Despite the rain that pounded the Tear Jerkers “Last Bash” rally, it didn’t keep them from visiting John Norris’s sprawling property on South Whidbey Island, Washington, where they cooked, ate, drank, chatted, drank some more, and carried on as usual before folding themselves into their thimble-sized bedrooms.
They are trailer people and proud of it.
“I love it, the simplicity, the compactness and the people I meet camping,” said Jim Johnson of Ellensburg of his teardrop trailer and lifestyle, reported the South Whidbey Record.
Sitting under a tarp extending out from his tiny blue home, Johnson sipped coffee with others who converged in his rustic living room furnished with lawn chairs.
Meet the members of the Northwest chapter of Tear Jerkers, an international organization celebrating the tiny traveling contraptions and the people who pull them.
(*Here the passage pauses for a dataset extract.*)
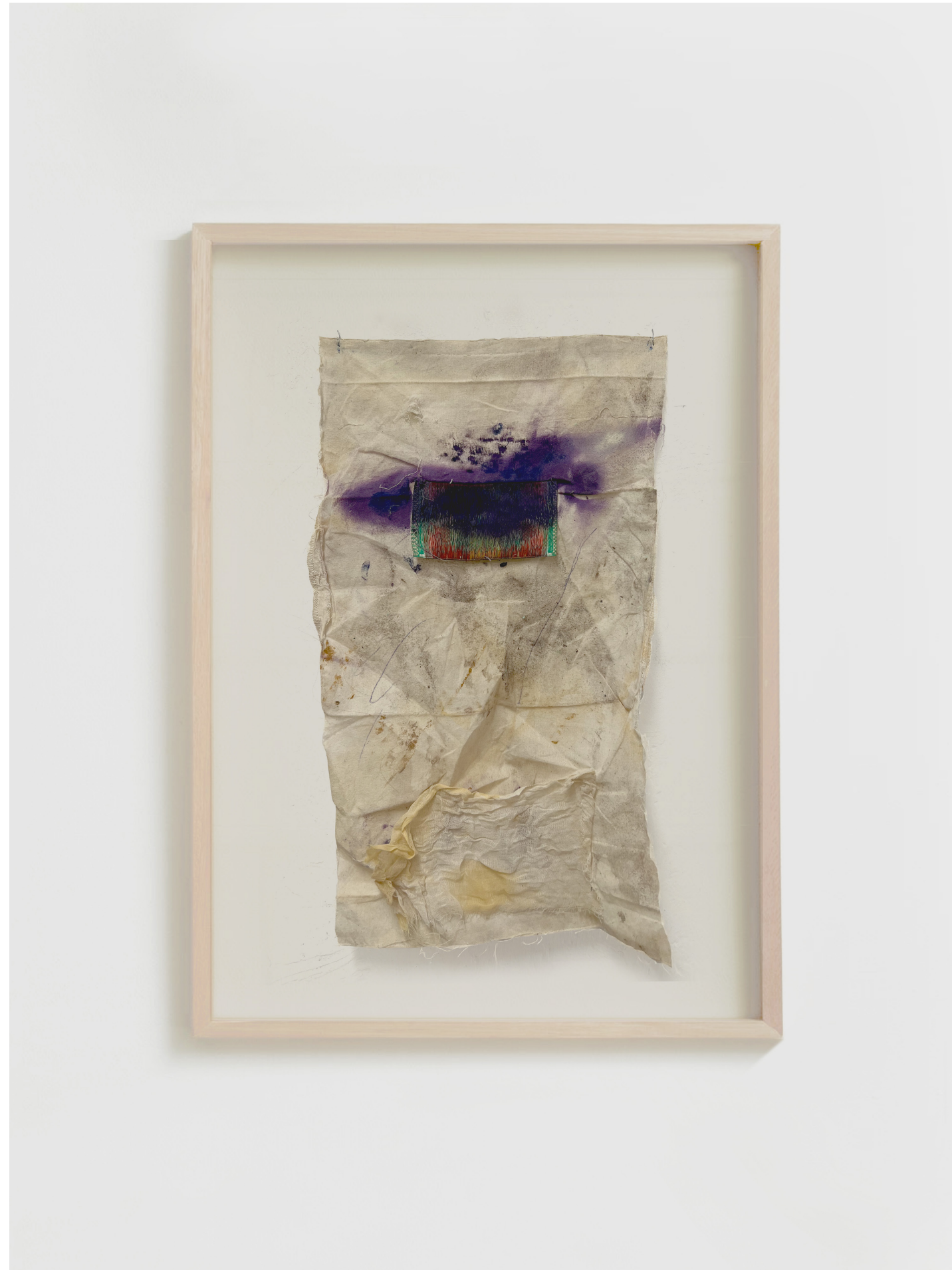
Armando Mesías , (Colombia, 1985) HOLY WATER IN A COKE BOTTLE , 2022 60cm x 40cm $6,250

The club motto: “Life moves a little slower on teardrop time.”
They plan trips together, share meals and camaraderie at campgrounds or just strike up a conversation when they spot one of their own kind on the road.
“We’re outside people,” said Ed Showacy of Puyallup. “At campgrounds when it rains, we’re still outside while all the RVers are inside their huge campers.”
Teardrop trailers are streamlined, compact, lightweight travel trailers which get the name from their teardrop profile. They’re very light, usually less than 1,000 pounds, so just about any vehicle can tow one.
For the last organized outing of the year of the Northwest chapter that includes British Columbia, they were hosted by John Norris and Tracy Cunningham on the last weekend of October.
Norris fixes up and restores campers on his expansive swath of property.